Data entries
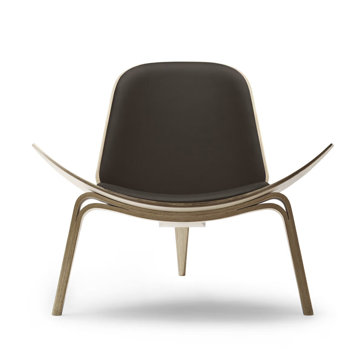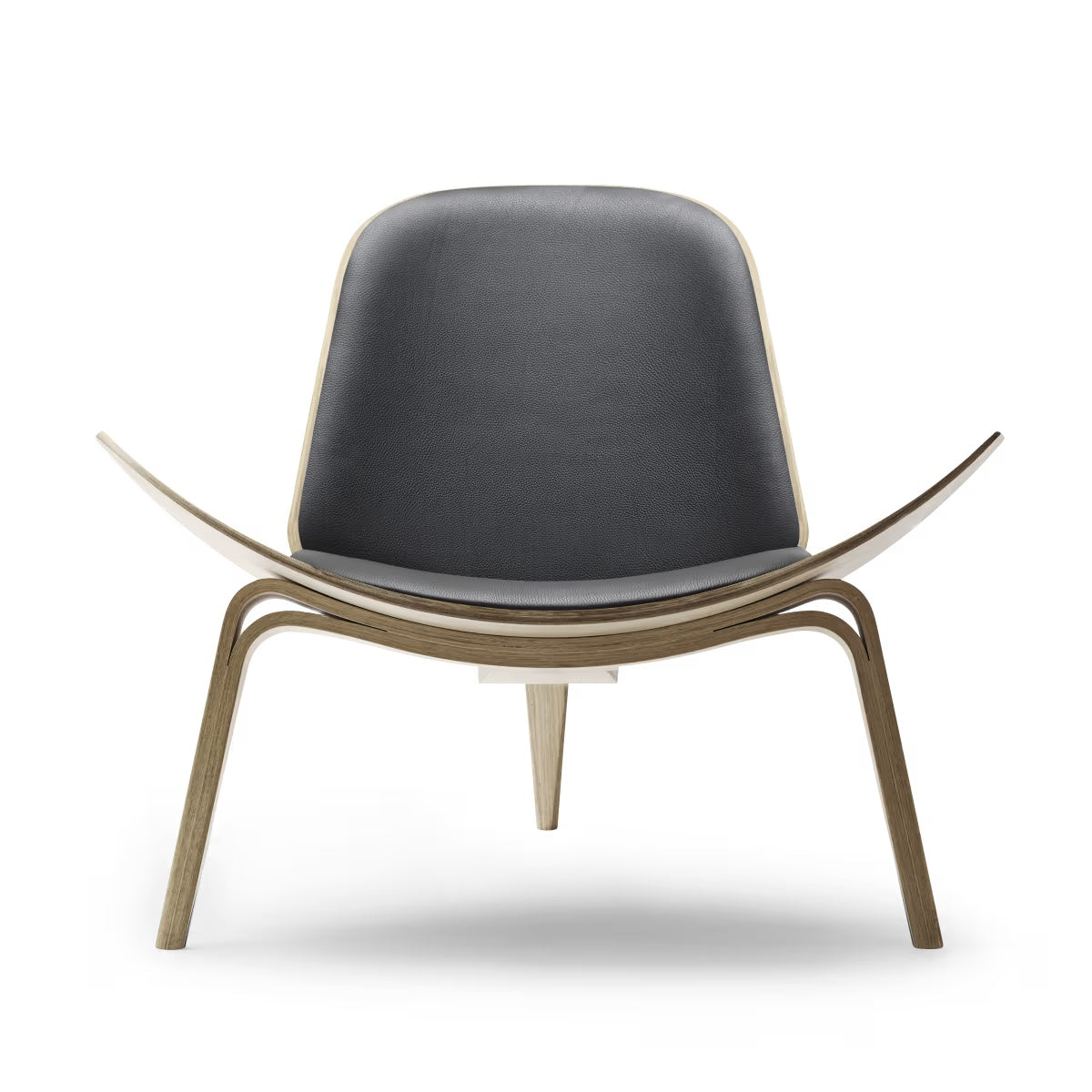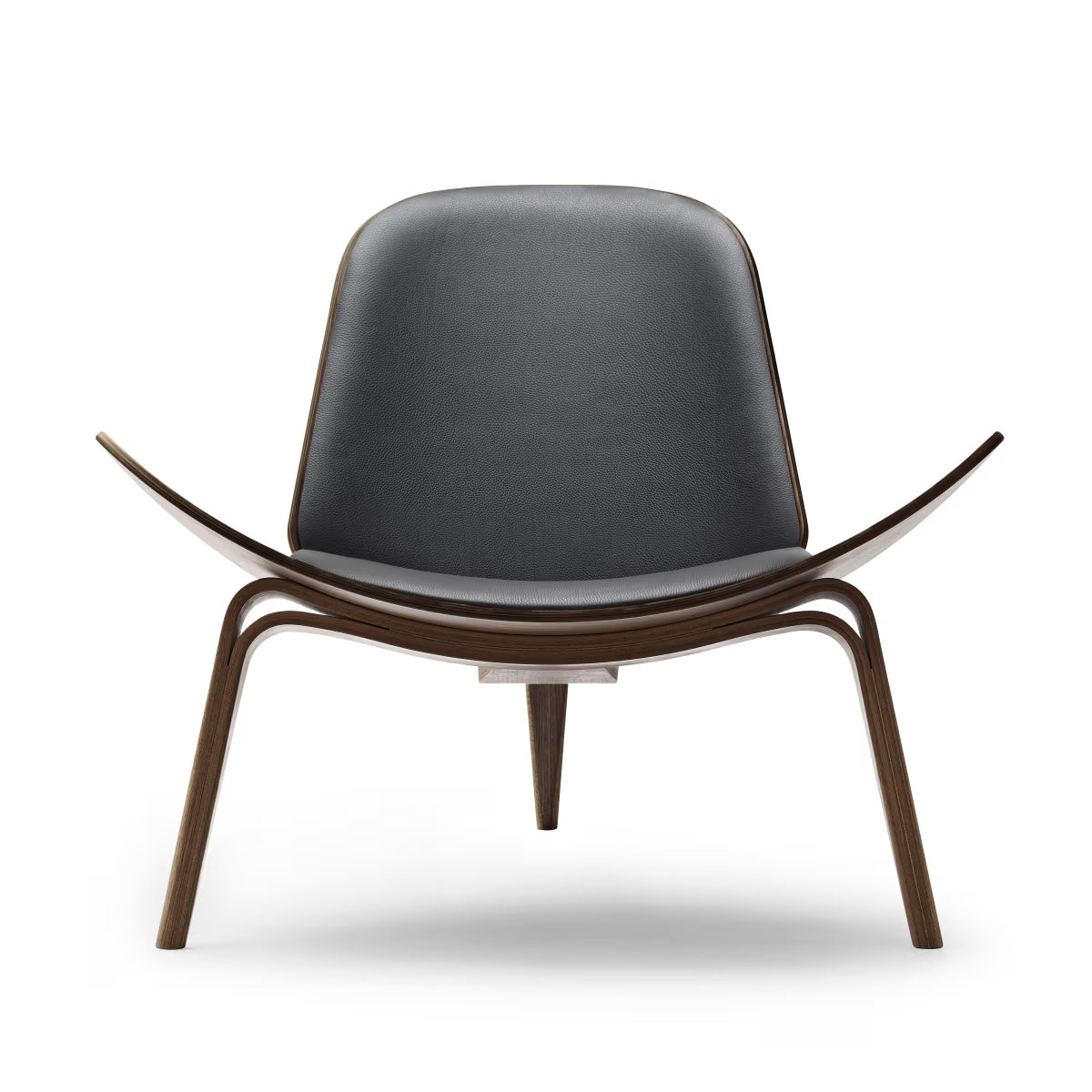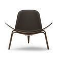 CH07 Skalstolen er Hans J. Wegners ikoniske loungeklassiker, der giver rummet et let og næsten svævende udtryk. De tre elegante, buede ben bærer den karakteristiske skalform, så stolen kan beundres fra alle vinkler, præcis som Wegner ønskede. I denne udgave får du den varme glød fra valnød, oliebehandlet så åretegningen står levende og naturlig, kombineret med Thor 306 læder, som tilfører en eksklusiv, blød komfort til både sæde og ryg.
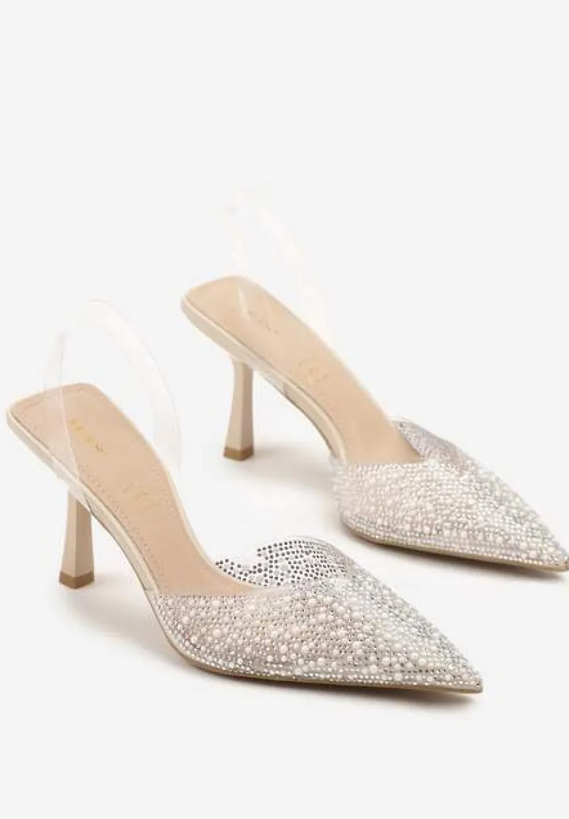 Beżowe Sandały Vices na Szpilce Slingback ze Skórzaną Wkładką i Cyrkoniami Ovifa
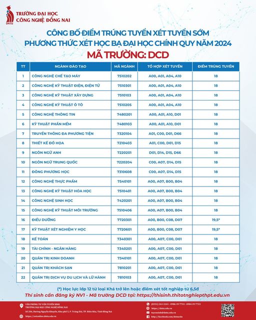 DNTU CÔNG BỐ ĐIỂM CHUẨN XÉT TUYỂN
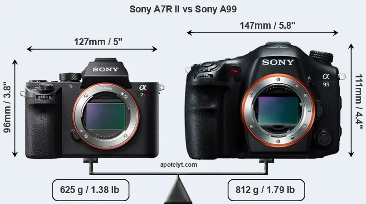 Die physische Größe und das Gewicht der Sony A7R II und der Sony A99 werden in der nachfolgenden Graphik illustriert. Die beiden Kameras werden entsprechend ihrer relativen Größe dargestellt. Alle Größenangaben sind auf den nächsten Millimeter gerundet.
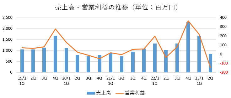 - 23年1月期第2四半期の売上高は前年同期比8.5%増の25億33百万円。前期から施工を開始した大型の解体工事が順調に進捗し、グループ化した株式会社矢澤の再開発物件等における環境対策工事の受注・着工も好調だった。営業利益は同53.4%減の75百万円。増収も一部工事で低利益率の受注があり売上総利益は前年同期水準となった一方で、継続的な人材採用・研究開発・広告宣伝等の投資による販管費の増加を吸収できなかった。四半期ベースでは2四半期連続の前四半期比減収減益。
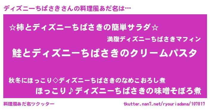 | 女子向けラノベタイトル風あだ名 | 『死神ディズニーちばさきの再婚』 |
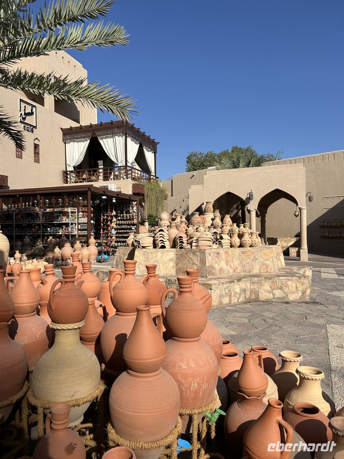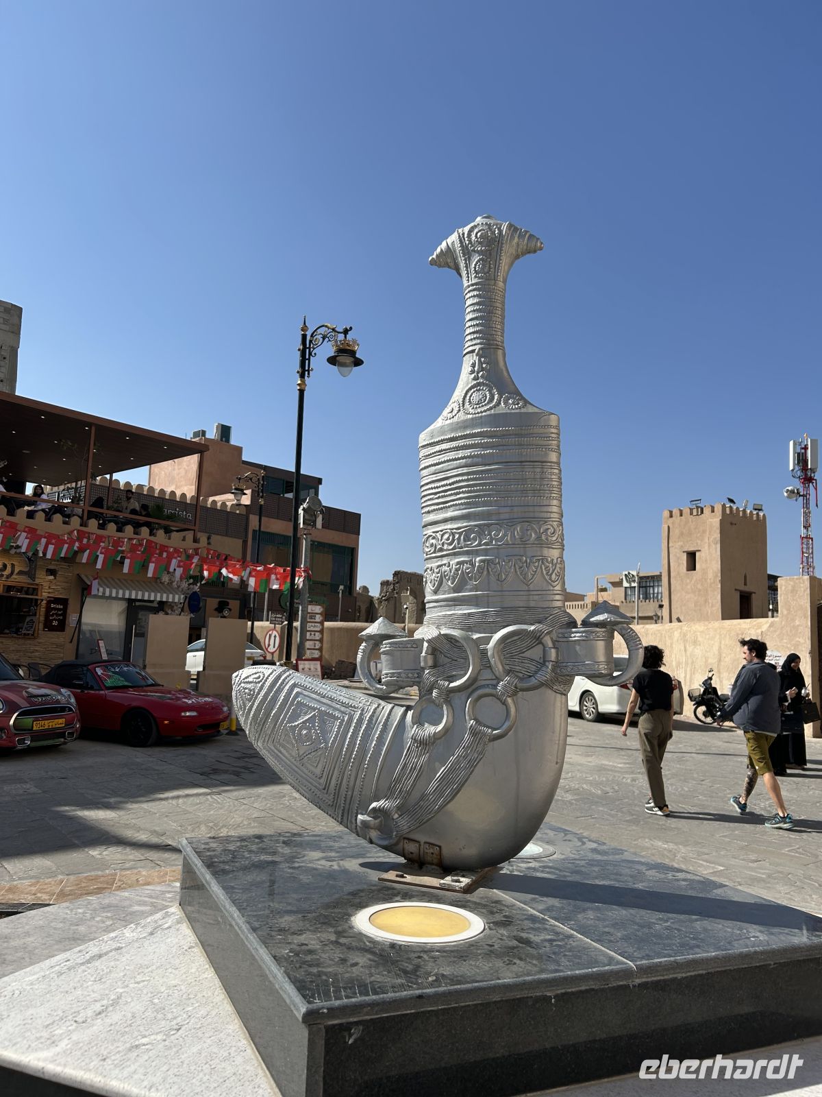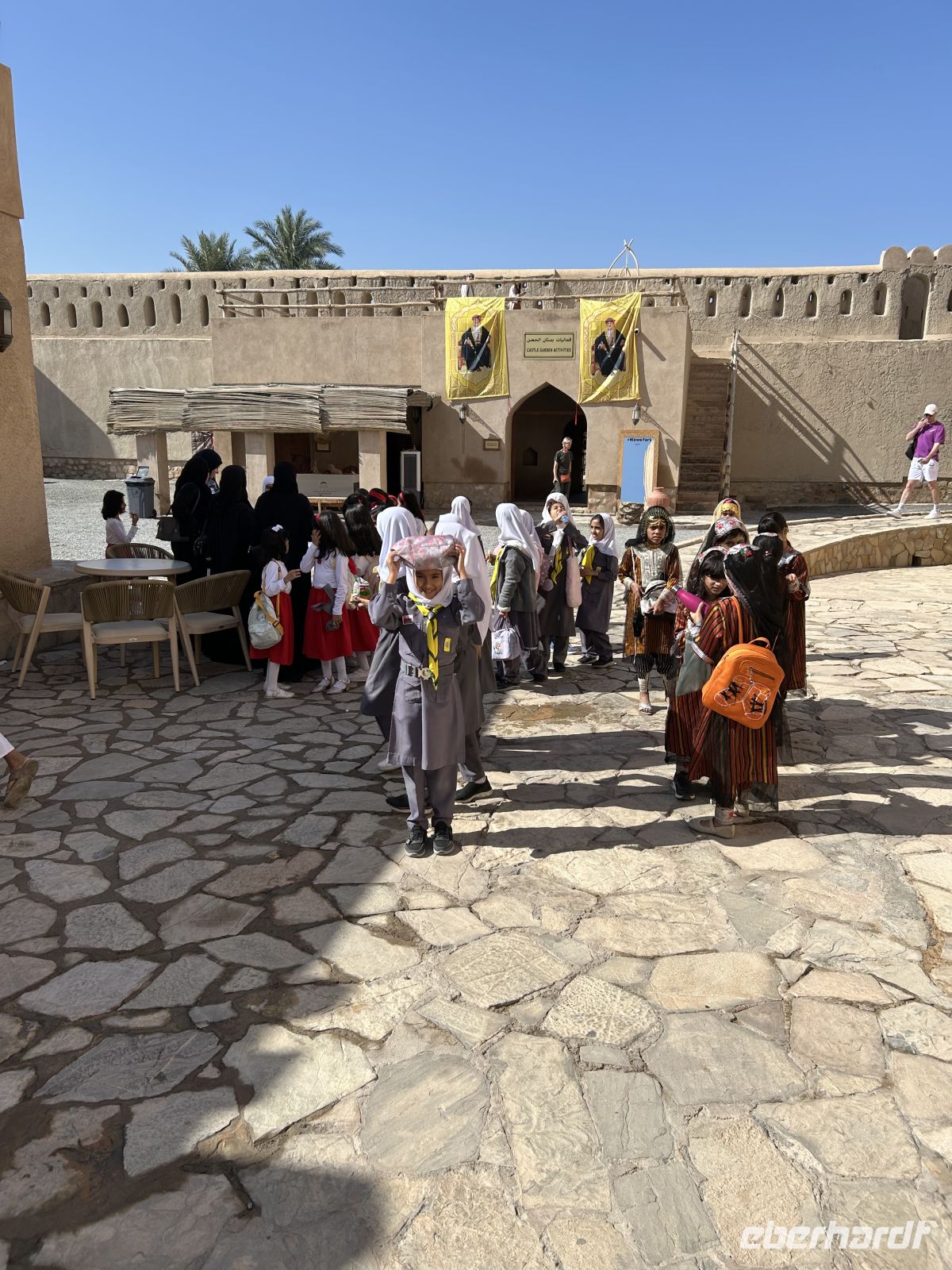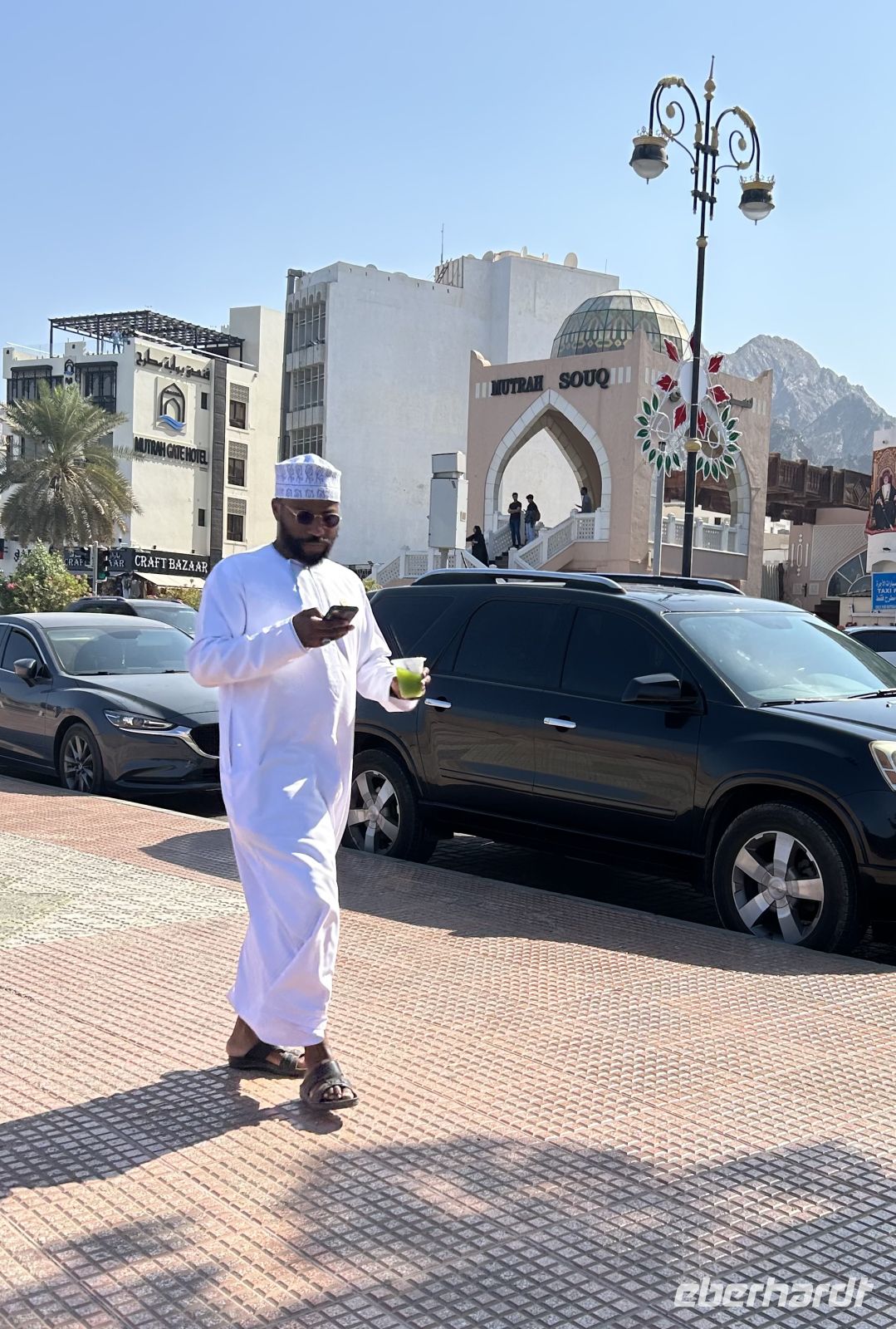 Dort erwartet uns der weitläufige Souk, ein Marktlabyrinth, das in seiner Vielfalt kaum zu übertreffen ist. Wir starten mit einer gemeinsamen Runde, um einen Überblick zu gewinnen: das Areal des Viehmarktes, der freitags zum echten Spektakel wird, der Dattelmarkt mit unzähligen Sorten, die Fischhalle, der Halwa-Markt, die farbenfrohen Obststände, der Waffen- und Khanjar-Markt, Gewürze, Töpferwaren, Schmuck, Kleidung – ein Kaleidoskop orientalischen Lebens.
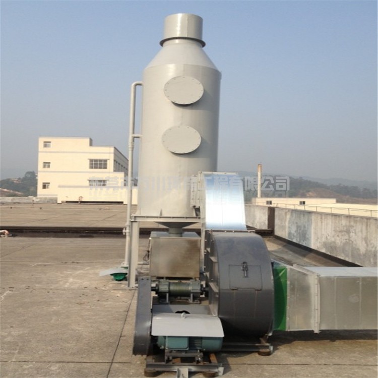 含塵廢氣在風(fēng)機的作用下,含塵氣體從塔體下方進氣口沿切向進入濕式除塵器噴淋塔,在風(fēng)機的作用下,迅速充滿進氣段空間,然后塔頂位置的噴淋頭向下噴水,水與含塵廢氣接觸,使得空氣和粉塵分離,達(dá)到除塵的效果。濕式除塵器噴淋塔具有結(jié)構(gòu)簡單、造價低、占地面積小、凈化效率高等優(yōu)點,能夠處理高溫、高濕的氣流,將著火、爆炸的可能減至最低。
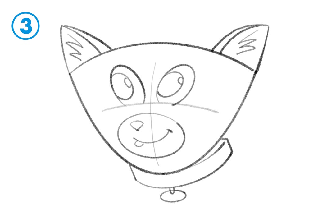 3. Draw more triangles for ears. Add features like a tongue and collar.
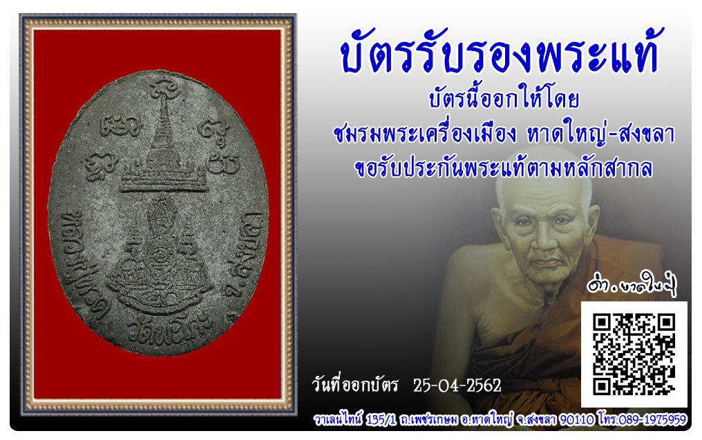 หลวงปู่ทวด วัดพะโคะ พ.ศ.2539 2562 25 เม.ย. 2019 400 share tweet share ชื่อพระ : หลวงปู่ทวด ประเภท : เนื้อว่าน พิมพ์กรรมการเล็ก วัด-ปี : วัดพะโคะ พ.ศ.2539 รหัส : No.62/04/25/24013
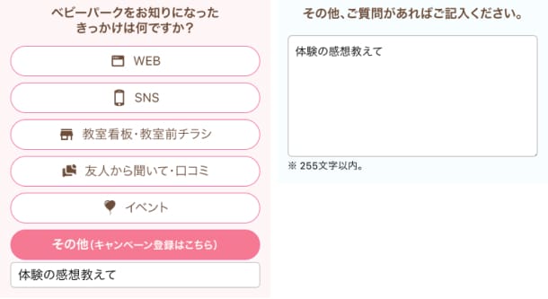 日程確定でお申込みの場合は「ベビーパークをお知りになったきっかけは何ですか?」に、日程未確定でお申込みの場合は「その他、ご質問」にご入力ください。
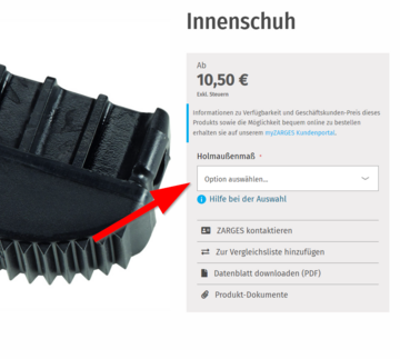 - Wählen Sie das gewünschte Ersatzteil aus und wählen Sie die passende Größe. Dabei hilft Ihnen unser Auswahlhelfer über den Button "Hilfe bei der Auswahl".
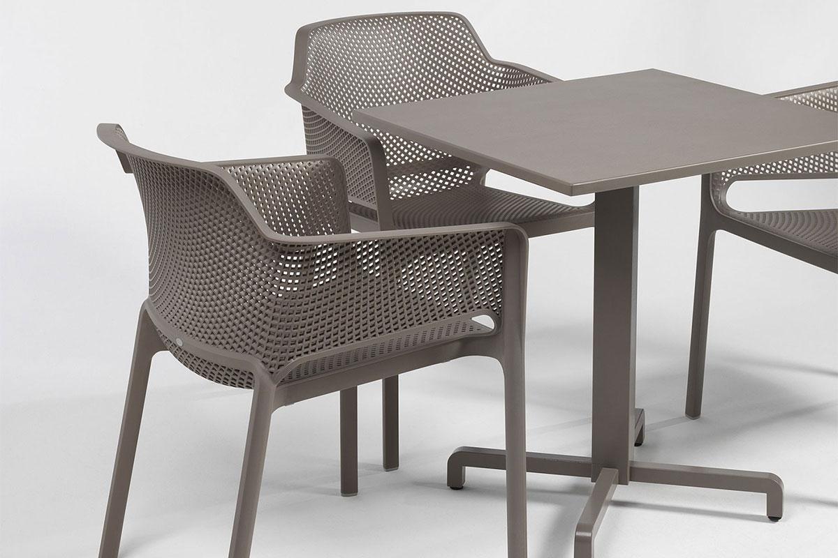 Цельнолитое кресло Net имеет эргономичную форму и прекрасно подойдет для организации обеденных зон на верандах летних кафе или патио.

Work required: Copy out all the data exactly. The images should not appear in the copy.

Answer box:
 CH07 Skalstolen er Hans J. Wegners ikoniske loungeklassiker, der giver rummet et let og næsten svævende udtryk. De tre elegante, buede ben bærer den karakteristiske skalform, så stolen kan beundres fra alle vinkler, præcis som Wegner ønskede. I denne udgave får du den varme glød fra valnød, oliebehandlet så åretegningen står levende og naturlig, kombineret med Thor 306 læder, som tilfører en eksklusiv, blød komfort til både sæde og ryg.
 Beżowe Sandały Vices na Szpilce Slingback ze Skórzaną Wkładką i Cyrkoniami Ovifa
 DNTU CÔNG BỐ ĐIỂM CHUẨN XÉT TUYỂN
 Die physische Größe und das Gewicht der Sony A7R II und der Sony A99 werden in der nachfolgenden Graphik illustriert. Die beiden Kameras werden entsprechend ihrer relativen Größe dargestellt. Alle Größenangaben sind auf den nächsten Millimeter gerundet.
 - 23年1月期第2四半期の売上高は前年同期比8.5%増の25億33百万円。前期から施工を開始した大型の解体工事が順調に進捗し、グループ化した株式会社矢澤の再開発物件等における環境対策工事の受注・着工も好調だった。営業利益は同53.4%減の75百万円。増収も一部工事で低利益率の受注があり売上総利益は前年同期水準となった一方で、継続的な人材採用・研究開発・広告宣伝等の投資による販管費の増加を吸収できなかった。四半期ベースでは2四半期連続の前四半期比減収減益。
 | 女子向けラノベタイトル風あだ名 | 『死神ディズニーちばさきの再婚』 |
 Dort erwartet uns der weitläufige Souk, ein Marktlabyrinth, das in seiner Vielfalt kaum zu übertreffen ist. Wir starten mit einer gemeinsamen Runde, um einen Überblick zu gewinnen: das Areal des Viehmarktes, der freitags zum echten Spektakel wird, der Dattelmarkt mit unzähligen Sorten, die Fischhalle, der Halwa-Markt, die farbenfrohen Obststände, der Waffen- und Khanjar-Markt, Gewürze, Töpferwaren, Schmuck, Kleidung – ein Kaleidoskop orientalischen Lebens.
 含塵廢氣在風(fēng)機的作用下,含塵氣體從塔體下方進氣口沿切向進入濕式除塵器噴淋塔,在風(fēng)機的作用下,迅速充滿進氣段空間,然后塔頂位置的噴淋頭向下噴水,水與含塵廢氣接觸,使得空氣和粉塵分離,達(dá)到除塵的效果。濕式除塵器噴淋塔具有結(jié)構(gòu)簡單、造價低、占地面積小、凈化效率高等優(yōu)點,能夠處理高溫、高濕的氣流,將著火、爆炸的可能減至最低。
 3. Draw more triangles for ears. Add features like a tongue and collar.
 หลวงปู่ทวด วัดพะโคะ พ.ศ.2539 2562 25 เม.ย. 2019 400 share tweet share ชื่อพระ : หลวงปู่ทวด ประเภท : เนื้อว่าน พิมพ์กรรมการเล็ก วัด-ปี : วัดพะโคะ พ.ศ.2539 รหัส : No.62/04/25/24013
 日程確定でお申込みの場合は「ベビーパークをお知りになったきっかけは何ですか?」に、日程未確定でお申込みの場合は「その他、ご質問」にご入力ください。
 - Wählen Sie das gewünschte Ersatzteil aus und wählen Sie die passende Größe. Dabei hilft Ihnen unser Auswahlhelfer über den Button "Hilfe bei der Auswahl".
 Цельнолитое кресло Net имеет эргономичную форму и прекрасно подойдет для организации обеденных зон на верандах летних кафе или патио.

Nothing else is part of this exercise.